┏━━
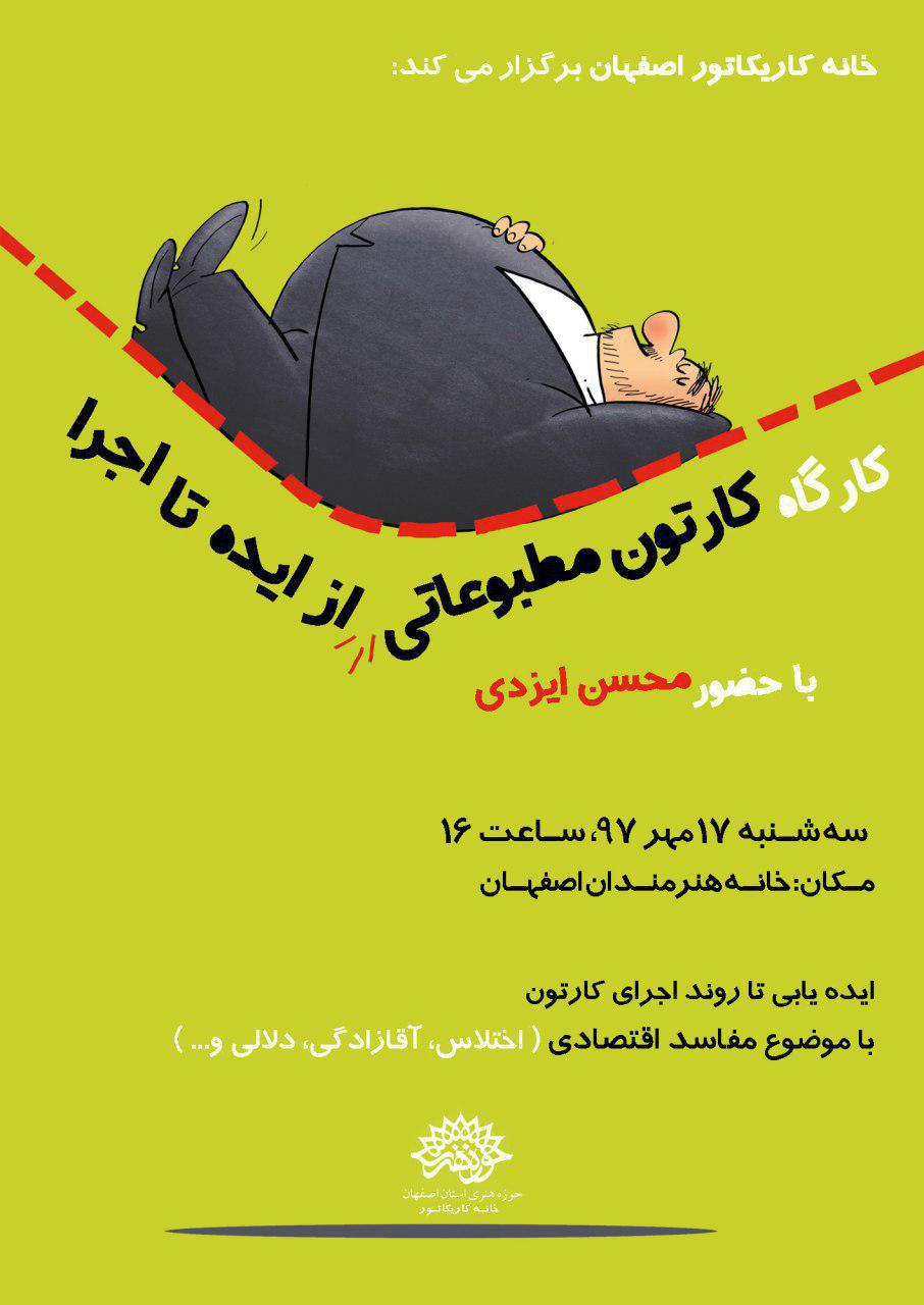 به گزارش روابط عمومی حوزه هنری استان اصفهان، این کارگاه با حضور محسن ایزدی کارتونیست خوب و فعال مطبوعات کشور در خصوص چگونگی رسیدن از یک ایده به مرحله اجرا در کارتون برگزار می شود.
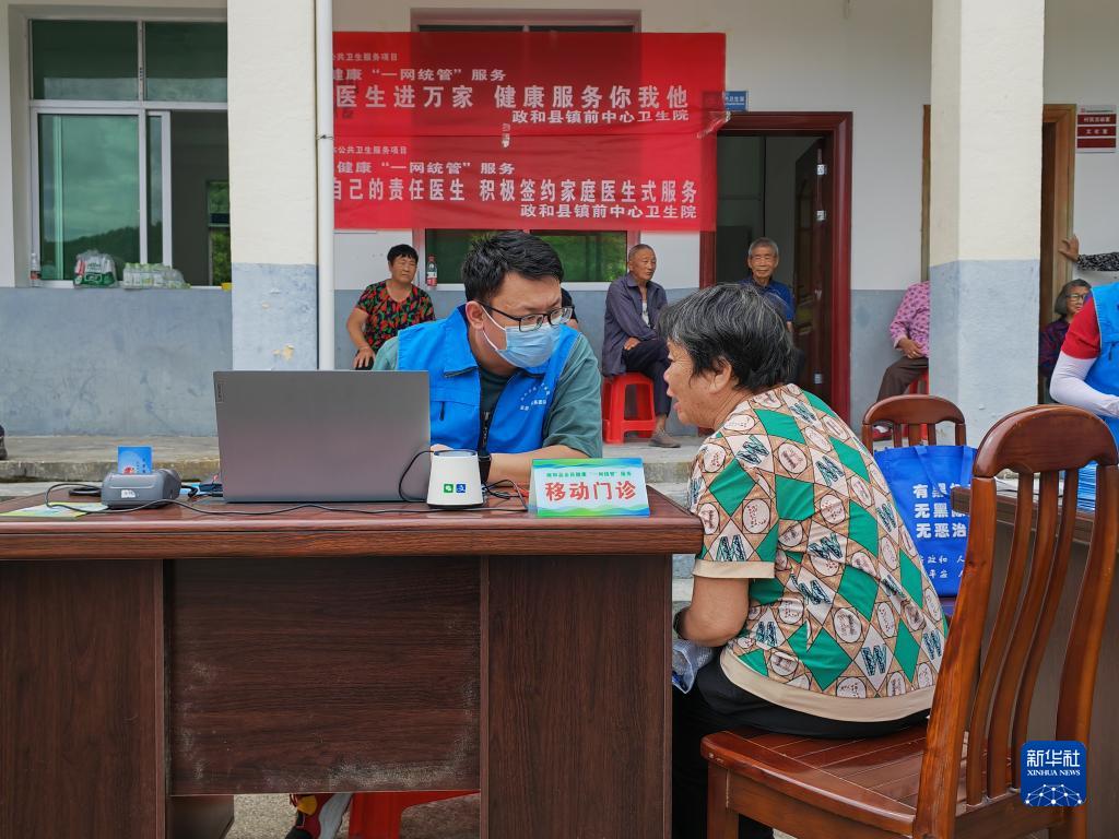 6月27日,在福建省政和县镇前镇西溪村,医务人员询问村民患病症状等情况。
┗━━
┏━━
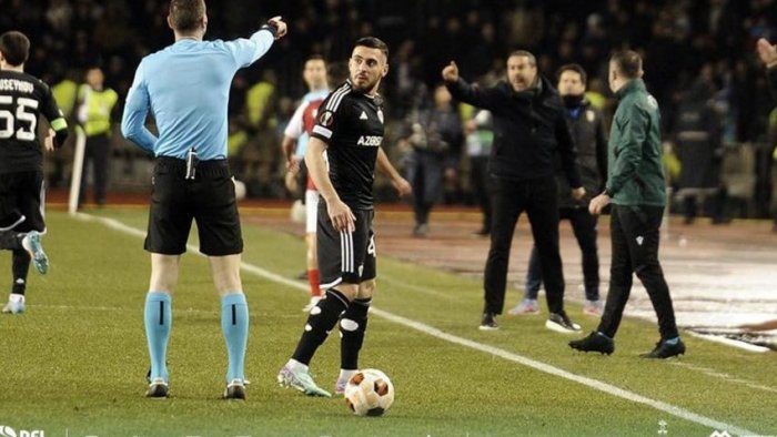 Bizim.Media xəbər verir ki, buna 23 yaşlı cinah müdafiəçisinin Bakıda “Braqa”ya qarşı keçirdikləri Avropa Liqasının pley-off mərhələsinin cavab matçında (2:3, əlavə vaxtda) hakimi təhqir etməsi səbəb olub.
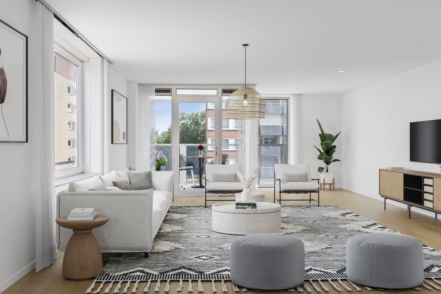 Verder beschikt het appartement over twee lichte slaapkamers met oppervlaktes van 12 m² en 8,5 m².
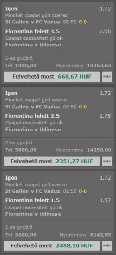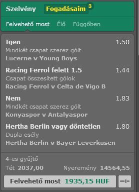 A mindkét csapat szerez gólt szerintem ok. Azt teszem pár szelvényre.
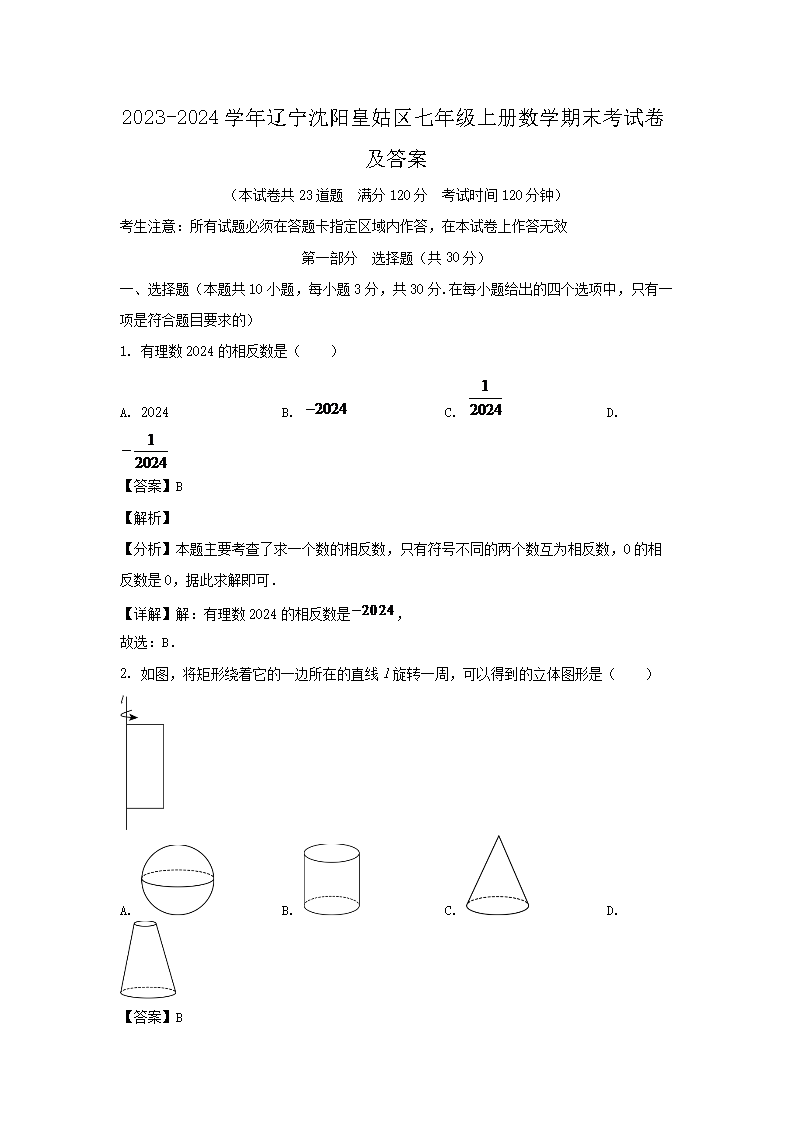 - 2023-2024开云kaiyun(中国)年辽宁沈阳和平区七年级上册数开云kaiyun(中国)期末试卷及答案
┗━━
┏━━
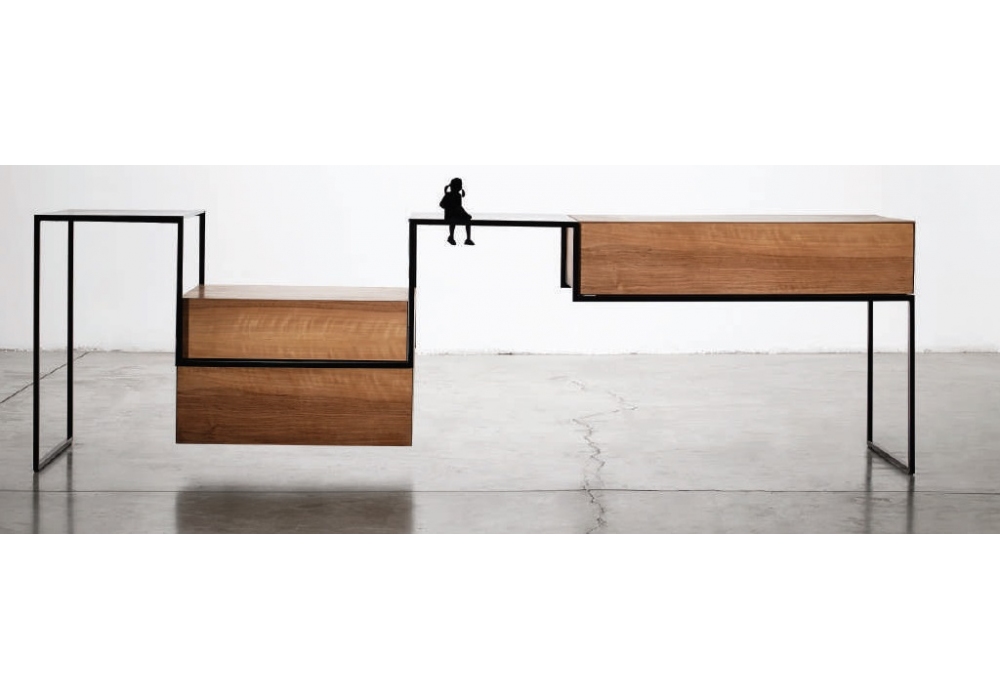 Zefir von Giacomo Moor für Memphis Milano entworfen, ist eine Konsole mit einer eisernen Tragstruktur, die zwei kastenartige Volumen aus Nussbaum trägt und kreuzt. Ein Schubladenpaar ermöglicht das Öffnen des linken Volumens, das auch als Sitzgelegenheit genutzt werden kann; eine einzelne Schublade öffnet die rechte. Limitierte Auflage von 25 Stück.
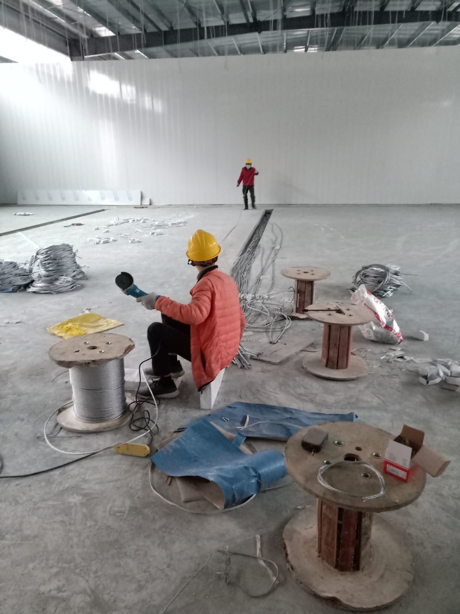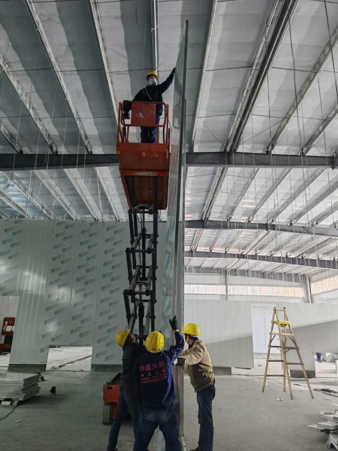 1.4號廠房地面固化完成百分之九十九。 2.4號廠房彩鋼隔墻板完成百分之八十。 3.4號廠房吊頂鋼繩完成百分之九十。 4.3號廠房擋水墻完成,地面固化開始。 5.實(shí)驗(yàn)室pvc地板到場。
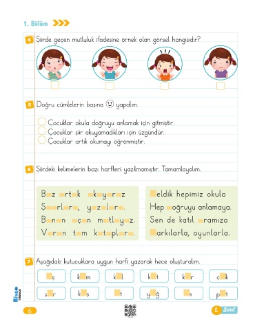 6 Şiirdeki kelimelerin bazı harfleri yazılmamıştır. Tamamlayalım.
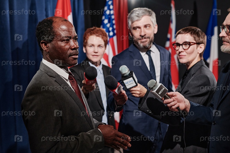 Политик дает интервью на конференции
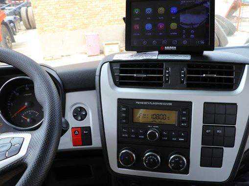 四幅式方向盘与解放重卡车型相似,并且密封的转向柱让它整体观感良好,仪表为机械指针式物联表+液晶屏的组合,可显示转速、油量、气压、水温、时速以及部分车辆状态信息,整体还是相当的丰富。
┗━━
- [The problem] Return only the stretch above from the line containing "به گزارش روابط" through the line containing "6月27日,在福建省政和县镇前镇西溪村,医务人员询问村民患病症状等情况。", word for word and without pictures.

- [Solution to this task]
 به گزارش روابط عمومی حوزه هنری استان اصفهان، این کارگاه با حضور محسن ایزدی کارتونیست خوب و فعال مطبوعات کشور در خصوص چگونگی رسیدن از یک ایده به مرحله اجرا در کارتون برگزار می شود.
 6月27日,在福建省政和县镇前镇西溪村,医务人员询问村民患病症状等情况。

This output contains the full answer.